Quote, exactly, the line holding "演出中,黔劇院青年演員們展示" and all lines after it to the end of the records below. Exclude pictures.

▬▬▬▬▬▬

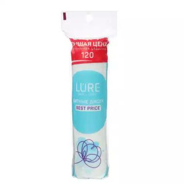 LURE Ватные диски косметические п/э 120шт/35, идеальны для ежедневного ухода за кожей – мягкие и деликатные, изготовлены из 100% хлопка.
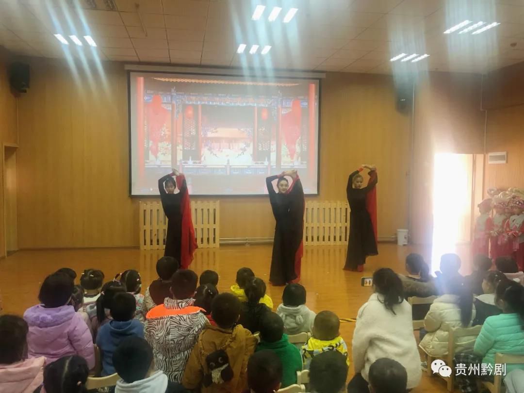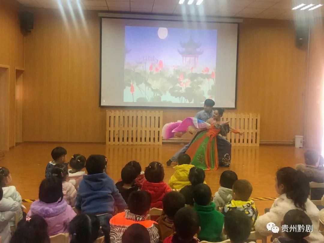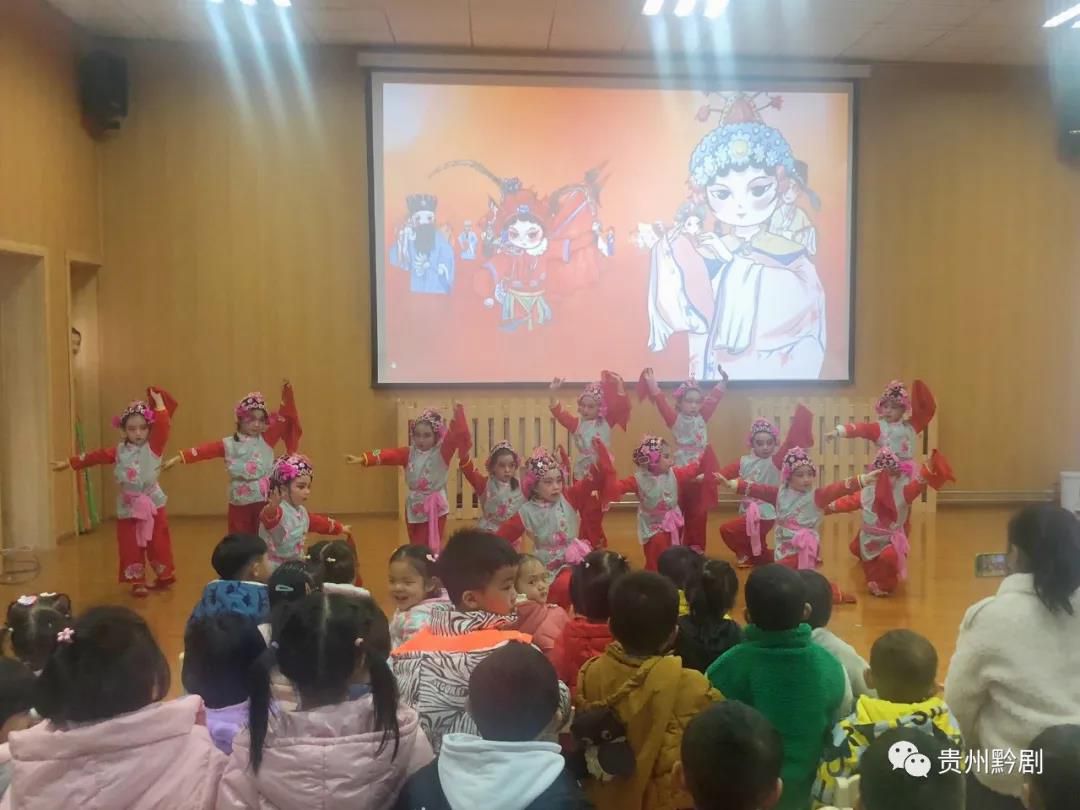 演出中,黔劇院青年演員們展示了黔劇基本功,一招一式道出了戲曲的靈魂;幼兒園學(xué)生表演的戲曲《賣水》生動(dòng)、靈巧;木偶表演《游園驚夢(mèng)》用小朋友喜歡的形式再現(xiàn)了戲曲的魅力;雙人舞《扇緣》將曼妙的舞姿和戲曲表演中常用的團(tuán)扇相融合,韻味十足。兒童舞蹈《小小芝麻官》、魔術(shù)表演等精彩節(jié)目紛紛上演,黔劇戲曲動(dòng)漫《打瓜緣》的播放,將演出活動(dòng)推向高潮,惟妙惟肖的戲曲人物形象,深受孩子們喜歡。
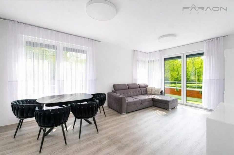 Dispozice bytu zahrnuje otevřený koncept obývacího pokoje s jídelní částí a přímým vstupem na terasu vhodnou pro letní posezení, kuchyňský kout s jídelním stolem, samostatnou ložnici, vstupní chodbu, prostornou koupelnu s vanou a závěsnou toaletou, sklep a parkovací místo v suterénu domu.
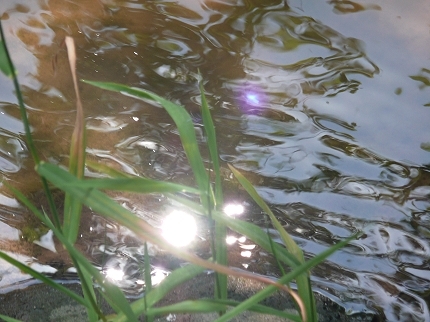 Am Bach spielt das Licht mit dem Wasser und dem Schilf.
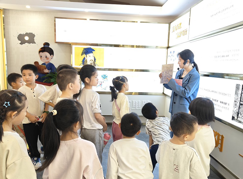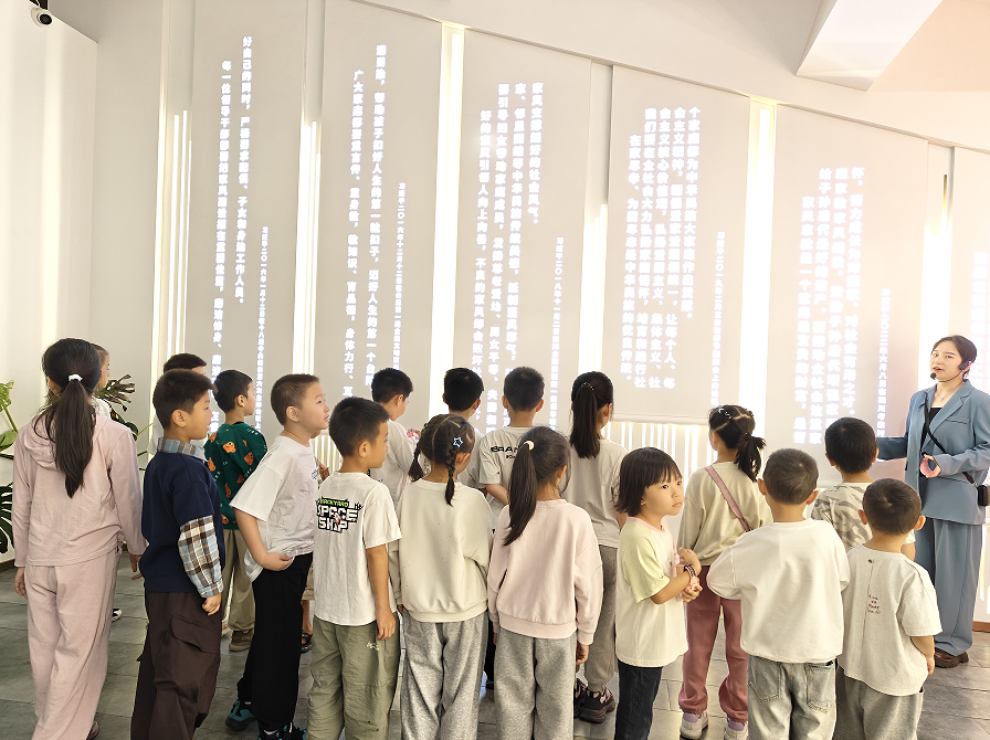 活动从川江家风馆的来历讲解中正式拉开帷幕。讲解员用孩子们听得懂的童真语言,细致解读“川江”二字的内涵,将川江流域的历史脉络、文化底蕴与家风传承、家国情怀紧密串联,层层递进的讲解让抽象的“家国”变得具体可感。孩子们挺直小身板,眼神专注地聆听,为整场活动奠定了温暖而庄重的情感基调。

▬▬▬▬▬▬

### ANSWER SECTION:
 演出中,黔劇院青年演員們展示了黔劇基本功,一招一式道出了戲曲的靈魂;幼兒園學(xué)生表演的戲曲《賣水》生動(dòng)、靈巧;木偶表演《游園驚夢(mèng)》用小朋友喜歡的形式再現(xiàn)了戲曲的魅力;雙人舞《扇緣》將曼妙的舞姿和戲曲表演中常用的團(tuán)扇相融合,韻味十足。兒童舞蹈《小小芝麻官》、魔術(shù)表演等精彩節(jié)目紛紛上演,黔劇戲曲動(dòng)漫《打瓜緣》的播放,將演出活動(dòng)推向高潮,惟妙惟肖的戲曲人物形象,深受孩子們喜歡。
 Dispozice bytu zahrnuje otevřený koncept obývacího pokoje s jídelní částí a přímým vstupem na terasu vhodnou pro letní posezení, kuchyňský kout s jídelním stolem, samostatnou ložnici, vstupní chodbu, prostornou koupelnu s vanou a závěsnou toaletou, sklep a parkovací místo v suterénu domu.
 Am Bach spielt das Licht mit dem Wasser und dem Schilf.
 活动从川江家风馆的来历讲解中正式拉开帷幕。讲解员用孩子们听得懂的童真语言,细致解读“川江”二字的内涵,将川江流域的历史脉络、文化底蕴与家风传承、家国情怀紧密串联,层层递进的讲解让抽象的“家国”变得具体可感。孩子们挺直小身板,眼神专注地聆听,为整场活动奠定了温暖而庄重的情感基调。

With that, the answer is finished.